> [EXERCISE OBJECTIVE]:
Take the lines in the listing below from the line with "方法一:传说之力-装备重随选" up to and including the line with "Cancer Incidence in TexasGraph" and set them down exactly, skipping pictures and adding nothing.

------------------------------------------------

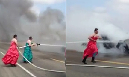 동영상 전문 사이트인 유튜브에는 최근 파티 드레스를 입은 채 화제를 진화하고 있는 소방관들의 동영상이 게재됐다.
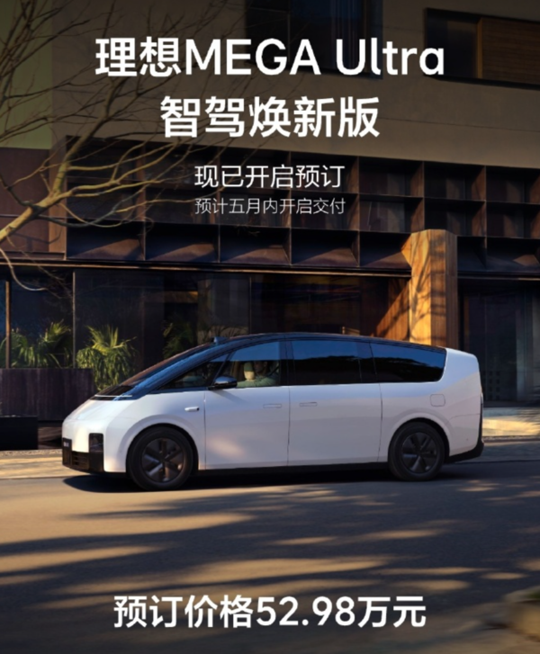 【CNMO科技消息】3月21日上午,理想官方宣布,理想MEGA Ultra智驾焕新版现已开启预订,新车预订价52.98万元,预计五月内开启交付。
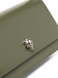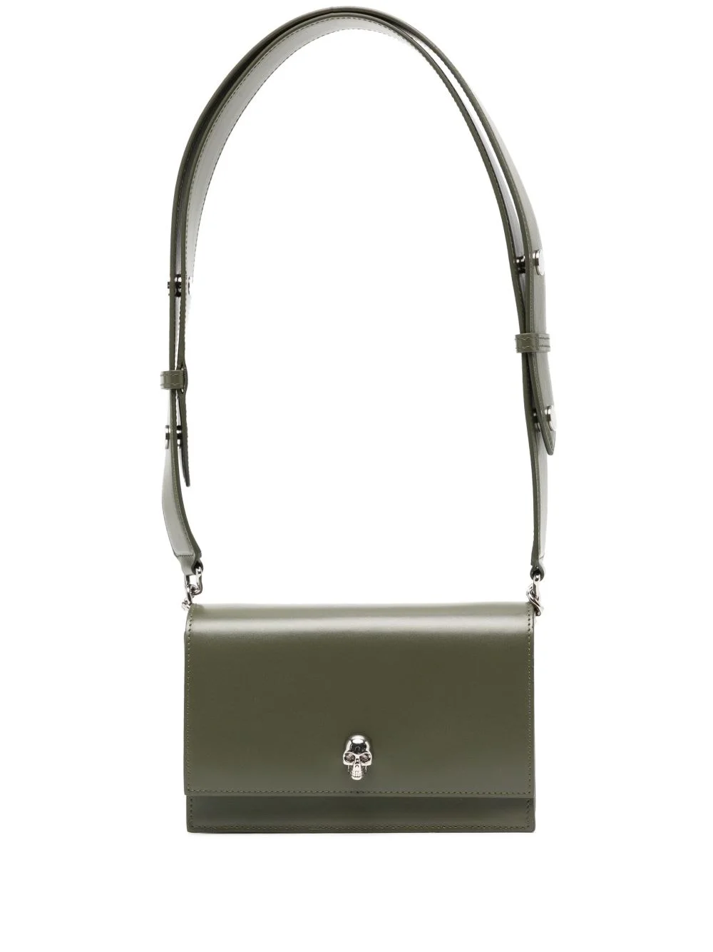 small The Biker Skull shoulder bag Highlights - Dark green - Calf leather - Silver-tone hardware - Skull stud embellishment - Foldover top with press-stud fastening - Adjustable shoulder strap - Internal slip pocket - Main compartment Made in Italy Composition Calf Leather 100% SIZE & FIT Measurement DEPTH 1.96 in(5 cm) HEIGHT 5.11 in(13 cm) WIDTH 7.48 in(19 cm) STRAP 21.65 in(55 cm)
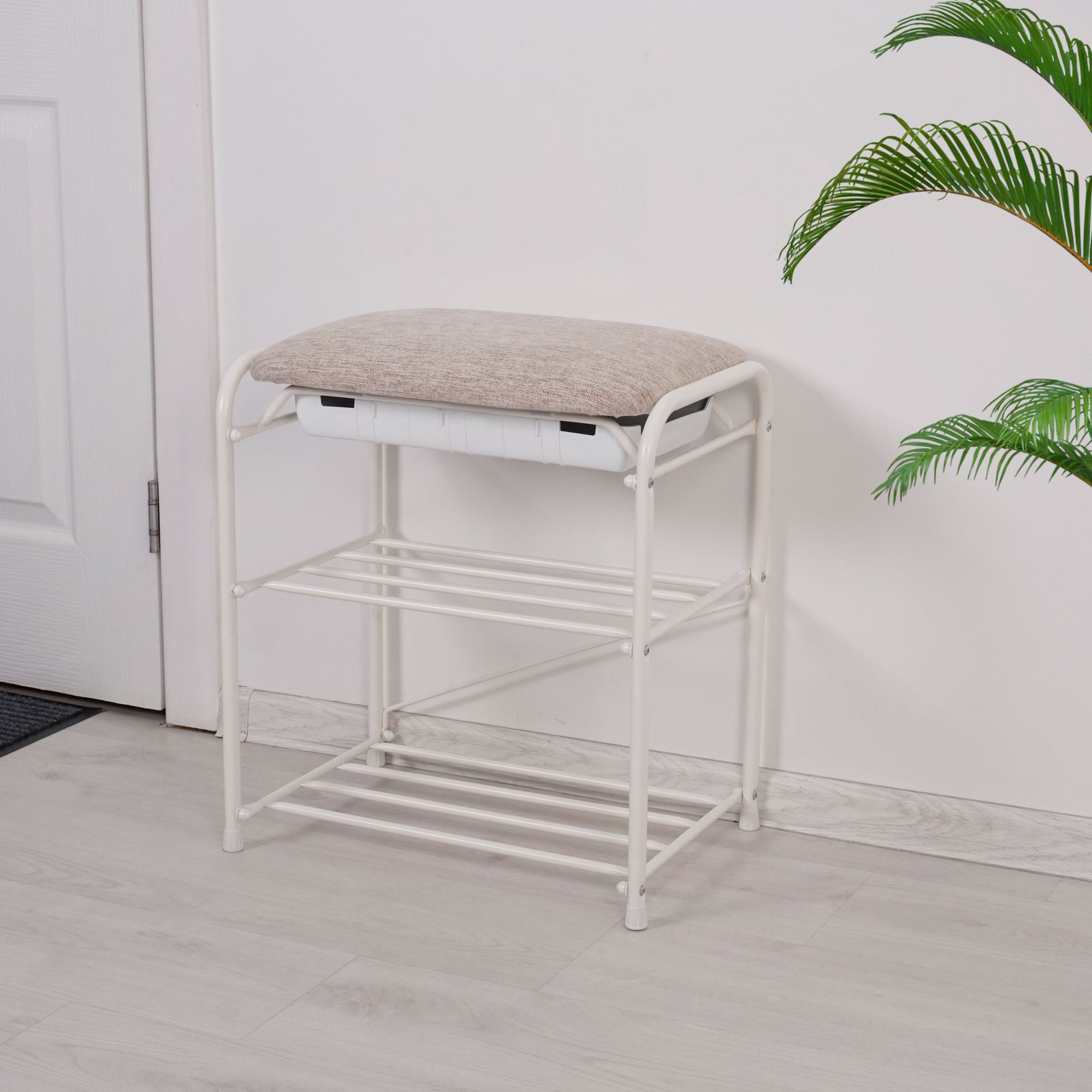 Описание товара Подставка для обуви "Уют 13", с сиденьем и ящиком, 2 полки, Д*Ш*В - 45х30х48 см, белый ПДОУ13СЯ Б
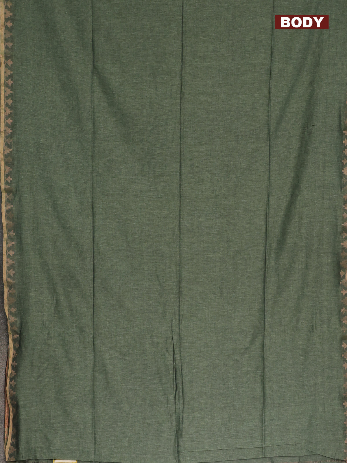 Bengal soft cotton saree green shade and violet with plain body and zari woven border
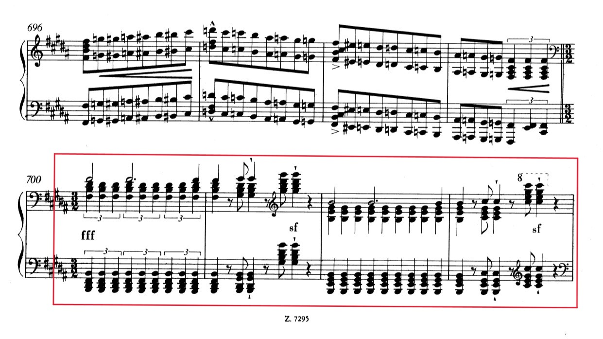 So, the Cross symbol is always used by Liszt to symbolize the Holy Cross and, for analogy, Christ and God, and he doesn’t make an exception for the Sonata. Liszt puts together two Cross symbols to create Christ’s theme. We find this theme used programmatically seven times in the Sonata (on the symbology on the number seven c.f.r. 4.2), and especially in three crucial points: once in the Grandioso section (bars 105 – 119), in which, together with the plagal Amen formula21, it symbolizes Christ and His promise of redemption; once during the Recitativo Appassionato section (bars 297 – 310, Example 5), in which it can refer to the Crucifixion and Christ Passion; and once in the Presto section (bars 700 – 710, Example 6), in which it can symbolize Christ at the Last Judgement during Armageddon. I will deepen this Christian interpretation in the next chapters (c.f.r. par. 4).
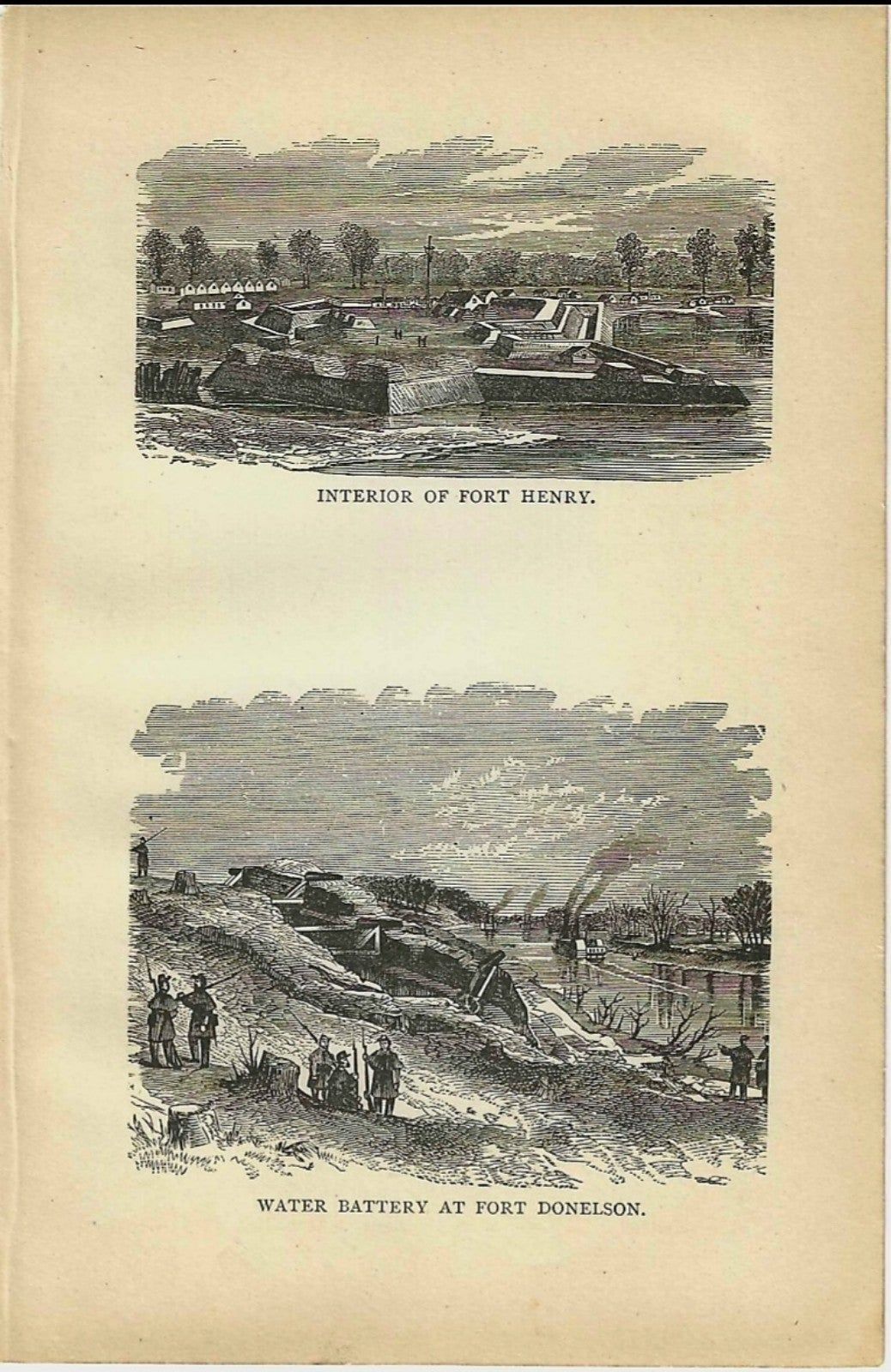 Interior At Fort Henry and Water Battery at Fort Donelson Original 1884 Print First Edition 5 x 7
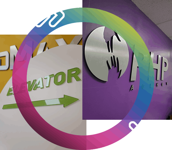 Acrylic signs use a polymer that’s colorless, transparent and totally customizable. Although it is typically made with UV ink printed right onto the material, it can also be used with vinyl lettering or print films, like opaque and clear window decals.
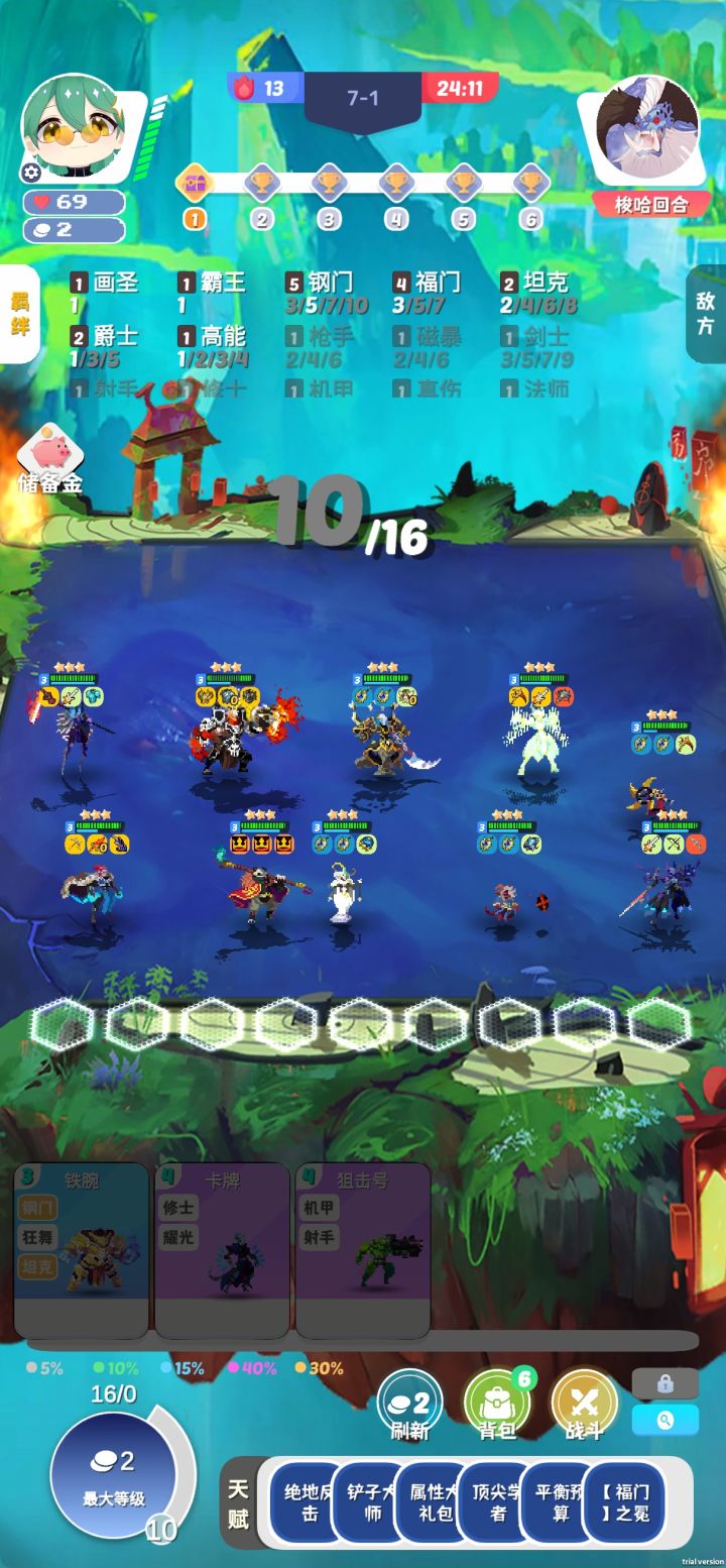 方法一:传说之力-装备重随选择装备重随开局,2-1的时候就可以选文章书抽福,抽不到也没关系。后台关闭重启大法,可以读档3次,cd10分钟。进来再刷一遍。如果还是没有福就丢包里随机。之后选传说之力可以优先选牌子丢包里随机。优先7福容易得锅勺铲,运气好打完4层就能筹齐7福10钢。关于升福门人口而棋子强度不够的问题,1.二星波比本比装备饮血剑、水银、1防具随便选,如获得强化饮血剑可以不用防具,站位
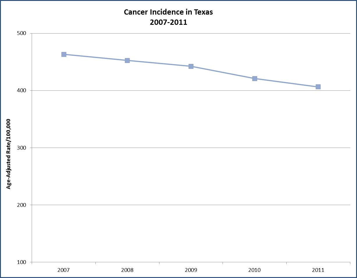 Cancer Incidence in TexasGraph of the Cancer Incidence in Texas from 2007-2011. https://www.tceq.texas.gov/toxicology/cancer-incidence-in-texas/viewhttps://www.tceq.texas.gov/toxicology/cancer-incidence-in-texas/@@images/image-1200-c13c45fb1a9ca23e273e829f640f041e.jpeg?v=None
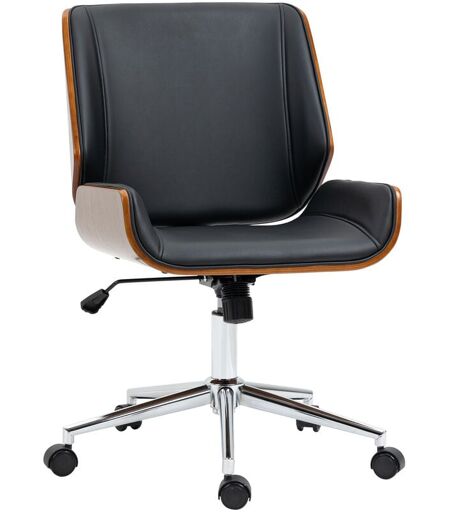 Cette jolie chaise de bureau ergonomique au style vintage mêlant bois, revêtement synthétique et piètement chromé allie simplicité et modernité. L'installer dans votre bureau apportera une touche d'élégance supplémentaire à votre pièce. Réglable en hauteur, pivotante à 360°, c'est la chaise de bureau confortable qu'il vous faut. Le rembourrage de haute densité de l'assise vous offrira le confort attendu. Caractéristiques: - Fauteuil ergonomique design vintage avec coque conçue en bois et revêtement assise en synthétique noir pour sublimer votre intérieur; - Garnissage mousse haute densité de l'assise et conception ergonomique pour assurer votre confort durant de longues heures de travail; - Réglable en hauteur vous permettant d'optimiser votre position; - Assise revêtement synthétique très facile d'entretien; - Piètement chromé 5 branches avec 5 roulettes multidirectionnelles; - Montage rapide et facile à l'aide du manuel d'assemblage illustré fourni Spécifications: - Couleurs : noir, ...
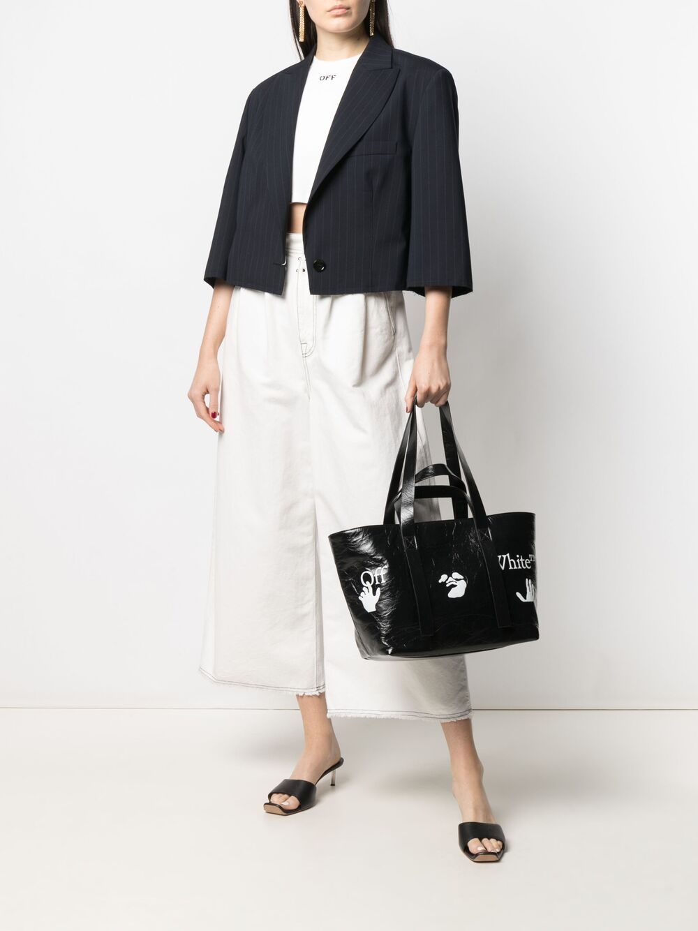 آخر ما ستبحثين عنه قبل مغادرة المنزل من الآن فصاعدًا؟ حقيبة التسوق التجارية هذه من أوف-وايت، بشعارها المطبوع. لن تخذلكِ أبدًا.

------------------------------------------------

> [ANSWER BOX]:
 方法一:传说之力-装备重随选择装备重随开局,2-1的时候就可以选文章书抽福,抽不到也没关系。后台关闭重启大法,可以读档3次,cd10分钟。进来再刷一遍。如果还是没有福就丢包里随机。之后选传说之力可以优先选牌子丢包里随机。优先7福容易得锅勺铲,运气好打完4层就能筹齐7福10钢。关于升福门人口而棋子强度不够的问题,1.二星波比本比装备饮血剑、水银、1防具随便选,如获得强化饮血剑可以不用防具,站位
 Cancer Incidence in TexasGraph of the Cancer Incidence in Texas from 2007-2011. https://www.tceq.texas.gov/toxicology/cancer-incidence-in-texas/viewhttps://www.tceq.texas.gov/toxicology/cancer-incidence-in-texas/@@images/image-1200-c13c45fb1a9ca23e273e829f640f041e.jpeg?v=None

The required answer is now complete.